The formula is based on 'pairing up' the first with the last number, the second with the next to last, and so on. Each pair adds up to n + 1, and the number of pairs is half of n. The algorithm is simply the formula:
Algorithm 2: Return n · (n+1) / 2.
def sum_with_formula(n):
"""Return 1 + 2 + ... + n, using a formula."""
return n * (n + 1) // 2
This function is solving the same problem as the previous one, so it must be tested with the exact same tests.
test(sum_with_formula, tests)
Testing sum_with_formula... Tests finished: 4 passed, 0 failed.
The code passes the tests, and yet the algorithm is wrong! The formula is only meant for n ≥ 1. It just happens that if n = 0 or n = -1 then n · (n+1) / 2 = 0, as desired, but for n < -1 the result is non-zero. An additional test helps confirm this.

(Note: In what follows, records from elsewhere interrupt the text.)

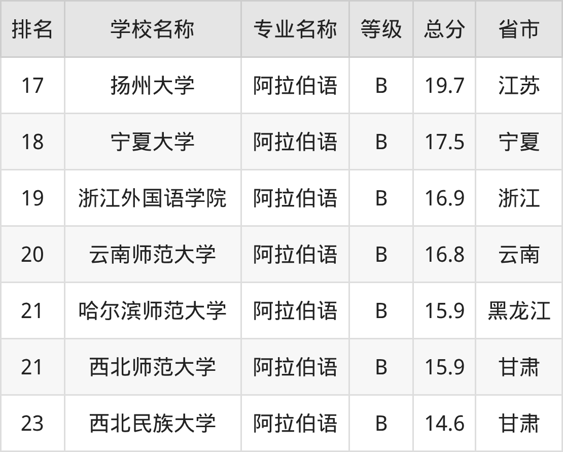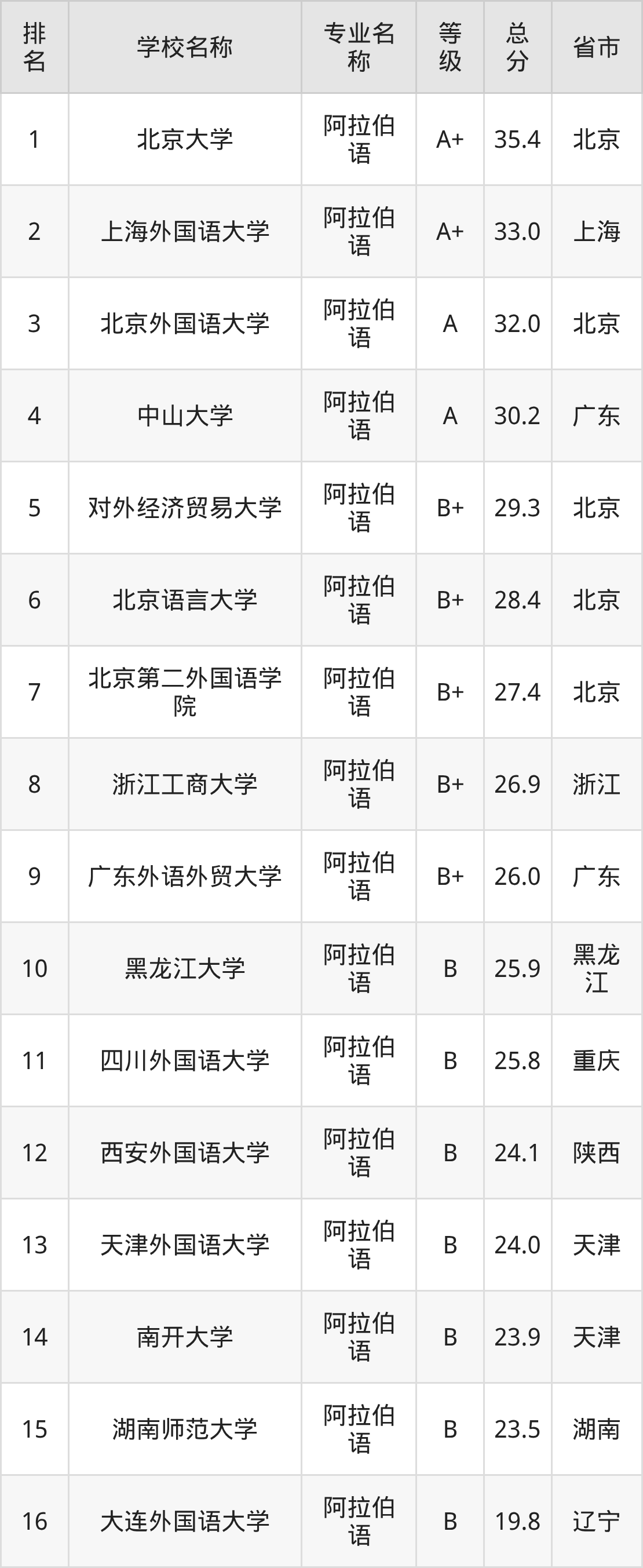 附阿拉伯语专业全国23所院校排名榜单一览表!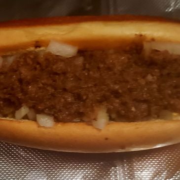 Our famous homemade chili dog is a classic favorite for a long time. Made with mustard and onions topped with our famous old-fashioned homemade chili sauce.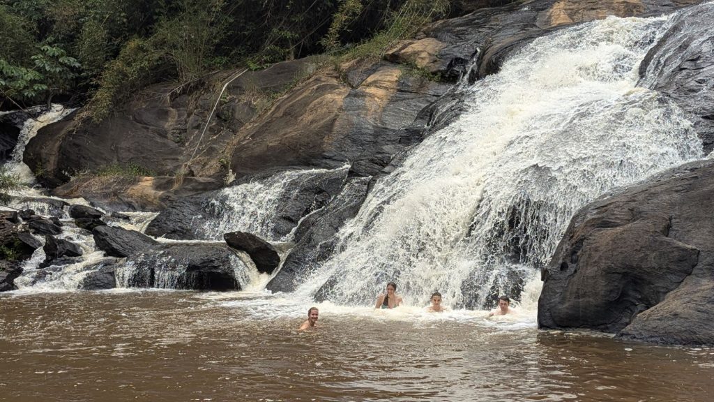 Am Freitag habe ich dann kurz für 1-2h in der Nursery gearbeitet (die Säckchen für die Setzlinge mit Erde befüllen), aber nach dem Mittagessen am Freitag haben wir schon Wochenende, also war das meine einzige Arbeit der Woche. Das Highlight der ersten Woche war dann am Wochenende, und zwar ein Besuch am Wasserfall. Dort mussten wir etwa 30 Minuten hinfahren, aber das müssen wir egal wo wir hin wollen immer. Es hat sich auf jeden Fall gelohnt, denn dort konnten wir baden =).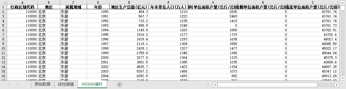 ARIMA填补。基于ARIMA模型,利用同一地区的时间序列数据,对缺失值进行预测填补。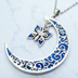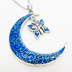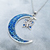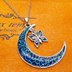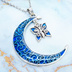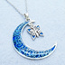 アンティークシルバー ブルームーンネックレス 三日月と蝶のペンダントネックレス レジン 長さ調整可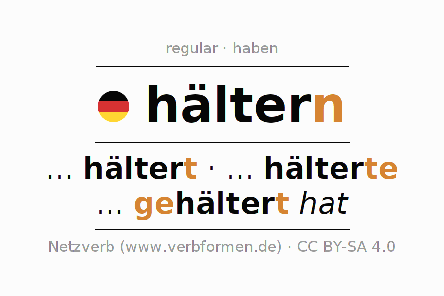 - Future: ... ich hältern werde, ... du hältern wirst, ... er hältern wird, ... wir hältern werden, ... ihr hältern werdet, ... sie hältern werden

tests.append(["n < -1", -5, 0]) # testing with n = -5
test(sum_with_formula, tests)
Testing sum_with_formula... n < -1 FAILED: 10 instead of 0 Tests finished: 4 passed, 1 failed.
The result is -5 · (–5 + 1) / 2 = -5 · -4 / 2 = 10 instead of zero. The algorithm must be modified.
Algorithm 2 (corrected): If n < 1, return 0, otherwise return n · (n+1) / 2.
def sum_with_formula(n):
"""Return 1 + 2 + ... + n, using a formula."""
if n < 1:
return 0
else:
return n * (n + 1) // 2
test(sum_with_formula, tests)
Testing sum_with_formula... Tests finished: 5 passed, 0 failed.
Now the additional test also passes.
As a new test was added, the first algorithm must be tested again.
test(sum_with_loop, tests)
Testing sum_with_loop... Tests finished: 5 passed, 0 failed.
Performance¶
The final, optional, step is to compare the performance of both solutions to see which is fastest. For this problem, the second algorithm is expected to be faster that the first one, as it computes the sum directly, without iterating over n integers.
The time_functions_int function, which was imported in the first cell,
takes a list of functions that have a single integer n as input,
and measures their run-times for n = 1, 2, 4, 8, ..., 1024.
Doubling the input allows to see any trends in how run-times grow
with just eleven executions of the two functions.
Running the functions with n = 1, 2, 3, 4, 5, ..., 1024 would take much longer and
not produce any additional insight.
time_functions_int([sum_with_loop, sum_with_formula])
Inputs generated by int_value
Input value sum_with_loop sum_with_formul
1 152.7 88.2 ns
2 175.8 88.5 ns
4 207.0 88.6 ns
8 276.6 88.3 ns
16 401.7 95.0 ns
32 705.5 99.5 ns
64 1388.1 99.6 ns
128 2650.9 99.7 ns
256 5189.3 103.1 ns
512 11156.8 103.0 ns
1024 23184.4 104.4 ns
Computing the sum with the formula always takes about the same time, around 90 to 100 nanoseconds (that's what the 'ns' means). However, the run-times for the sum with the loop grow as n gets larger. If the value of n doubles, the number of iterations also doubles, so the run-time also roughly doubles, as can be seen above the chart. As n increases, the iterative sum gets slower and slower. At n = 1024, using a loop is about 200 times slower than using the formula!
Concluding remarks¶
This essay presented two solutions to a simple problem: computing the sum 1 + ... + n, for any integer n. The sum should be zero if n < 1.
The first solution computes the sum iteratively, while the second computes it directly, with a formula. The second is always faster, even for n = 1. Moreover, as n increases, the first approach becomes slower whereas the second always takes about the same time.
This essay illustrates the need for thinking about different algorithms for the same problem, as one approach may be much more efficient than others.
The essay also showed that passing all tests doesn't mean that the code is correct. As the various algorithms are developed, new tests may have to be added.